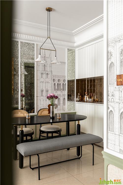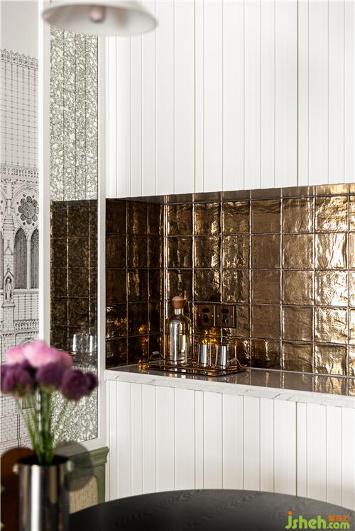 入戶右側(cè)乳白色餐邊柜搭配金屬釉面磚,個性又復古.
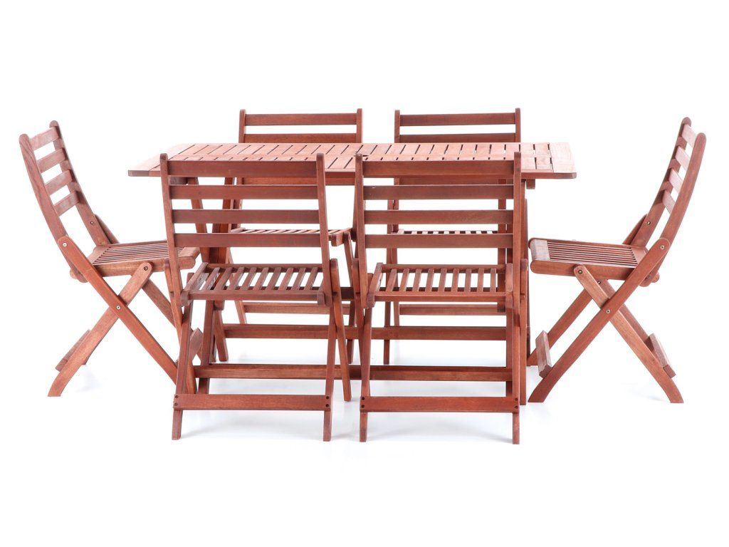 Luxusní zahradní nábytek VeGA SET 6 - je vyroben z tmavě červeného meranti . Meranti je označení pro více druhů dřevin z rodu Shorea pocházejících z jihovýchodní Asie. Meranti je nejžádanějším z tropických materiálů na výrobu zahradního nábytku. Tato dřevina našla své uplatnění jak v interiéru pro svůj dekorativní vzhled ( má unikátní červenohnědou barvu díky které na každém kusu nábytku dokonale vynikne kresba dřeva) , ale především v exteriéru na výrobu zahradního nábytku, oken a dveří pro svoji vynikající trvanlivost , dlouhou životnost , vysokou tvrdost a dobrou opracovatelnost.
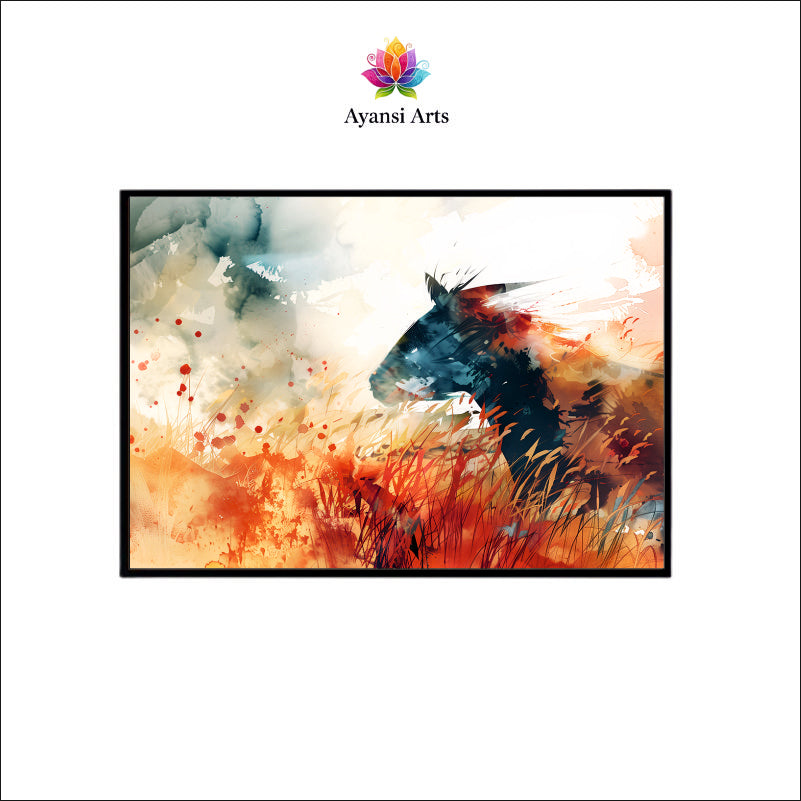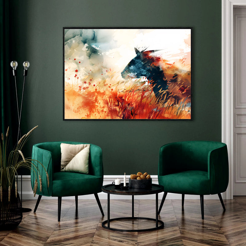 Ember Spirit Canvas Digital Painting - Abstract Horse in Wildfire Hues
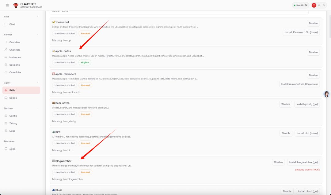 你可以网页界面手动的安装你需要的 Skills。
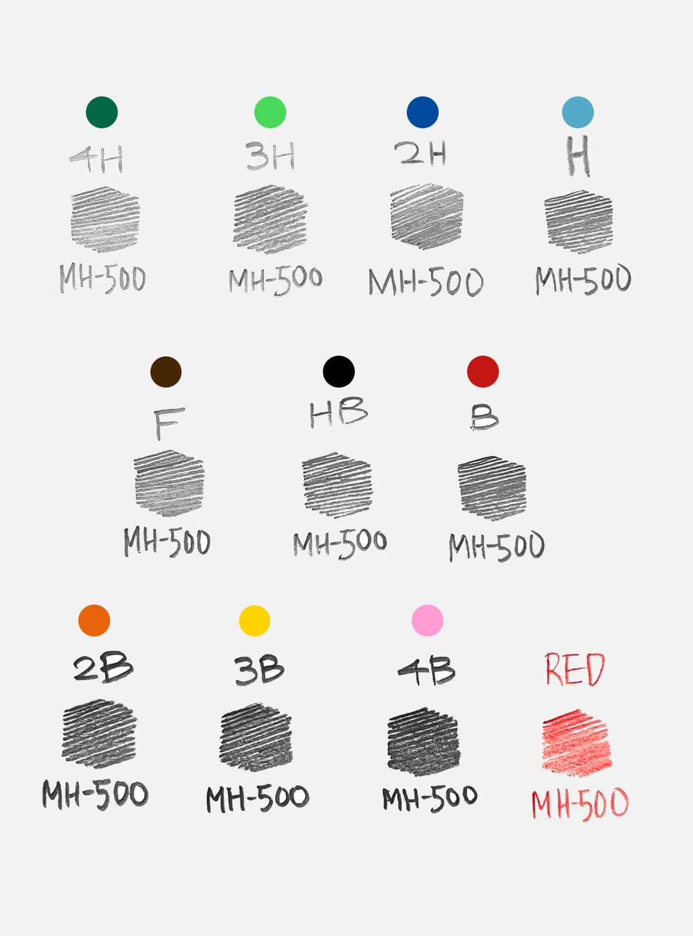 경도/색상 | 4H, 3H, 2H, H, F, HB, B, 2B, 3B, 4B, RED |
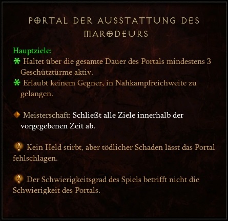 Drei Geschütztürme für die gesamte Dauer des Portals aktiv halten (man hat mehr als ausreichend Zeit zum initialen Aufstellen) und keinen Gegner in Nahkampfreichweite lassen.
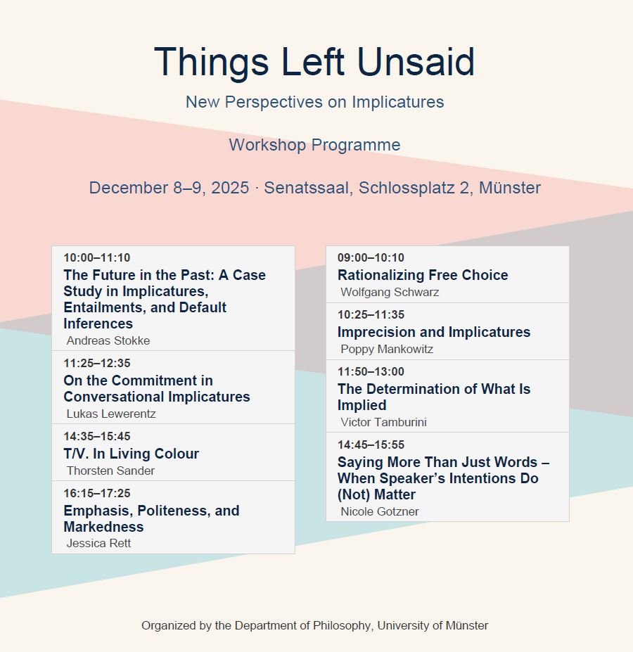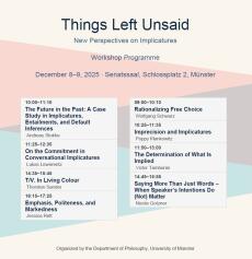 Am 8. und 9. Dezember 2025 findet an der Universität Münster der Workshop „Things Left Unsaid: New Perspectives on Implicatures“ statt. Das Programm umfasst Vorträge von Andreas Stokke, Lukas Lewerentz, Thorsten Sander, Jessica Rett, Wolfgang Schwarz, Poppy Mankowitz, Victor Tamburini und Nicole Gotzner.
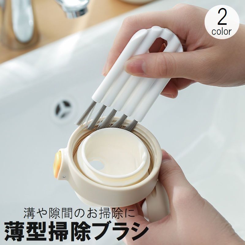 細かな溝や隙間のお掃除にぴったりな薄型掃除ブラシ☆ 掃除箇所の形に合わせて持ち手が曲がり、奥の方までスッキリお掃除できます♪
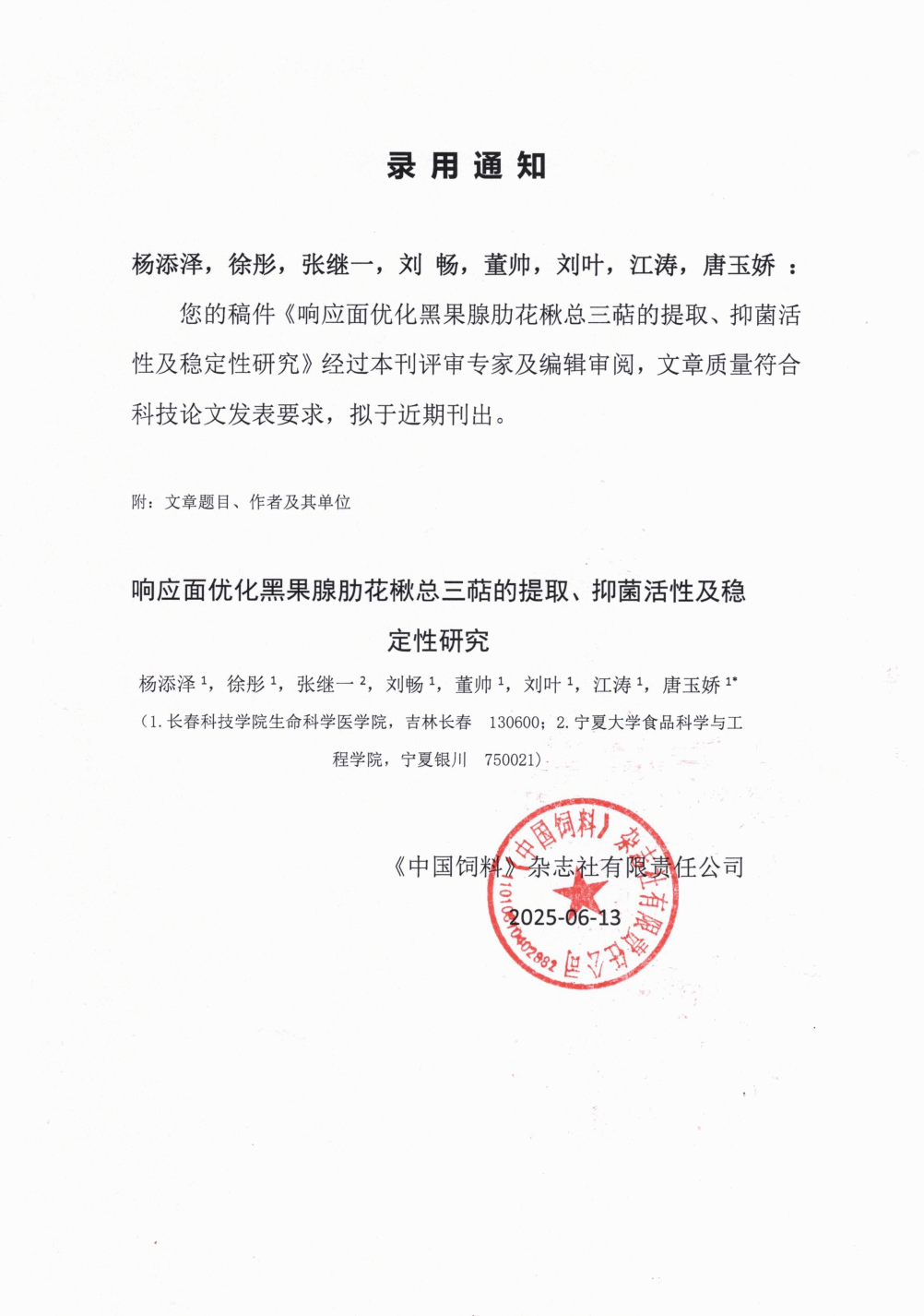 2025年,研究院与吉林农业大学食品科学与工程学院联合培养硕士研究生两名,人才培养质量不断提升,为研究院可持续发展夯实了后备力量。

The problem:
Would you copy out all the data exactly, without the images?

Output for this task:
 入戶右側(cè)乳白色餐邊柜搭配金屬釉面磚,個性又復古.
 Luxusní zahradní nábytek VeGA SET 6 - je vyroben z tmavě červeného meranti . Meranti je označení pro více druhů dřevin z rodu Shorea pocházejících z jihovýchodní Asie. Meranti je nejžádanějším z tropických materiálů na výrobu zahradního nábytku. Tato dřevina našla své uplatnění jak v interiéru pro svůj dekorativní vzhled ( má unikátní červenohnědou barvu díky které na každém kusu nábytku dokonale vynikne kresba dřeva) , ale především v exteriéru na výrobu zahradního nábytku, oken a dveří pro svoji vynikající trvanlivost , dlouhou životnost , vysokou tvrdost a dobrou opracovatelnost.
 Ember Spirit Canvas Digital Painting - Abstract Horse in Wildfire Hues
 你可以网页界面手动的安装你需要的 Skills。
 경도/색상 | 4H, 3H, 2H, H, F, HB, B, 2B, 3B, 4B, RED |
 Drei Geschütztürme für die gesamte Dauer des Portals aktiv halten (man hat mehr als ausreichend Zeit zum initialen Aufstellen) und keinen Gegner in Nahkampfreichweite lassen.
 Am 8. und 9. Dezember 2025 findet an der Universität Münster der Workshop „Things Left Unsaid: New Perspectives on Implicatures“ statt. Das Programm umfasst Vorträge von Andreas Stokke, Lukas Lewerentz, Thorsten Sander, Jessica Rett, Wolfgang Schwarz, Poppy Mankowitz, Victor Tamburini und Nicole Gotzner.
 細かな溝や隙間のお掃除にぴったりな薄型掃除ブラシ☆ 掃除箇所の形に合わせて持ち手が曲がり、奥の方までスッキリお掃除できます♪
 2025年,研究院与吉林农业大学食品科学与工程学院联合培养硕士研究生两名,人才培养质量不断提升,为研究院可持续发展夯实了后备力量。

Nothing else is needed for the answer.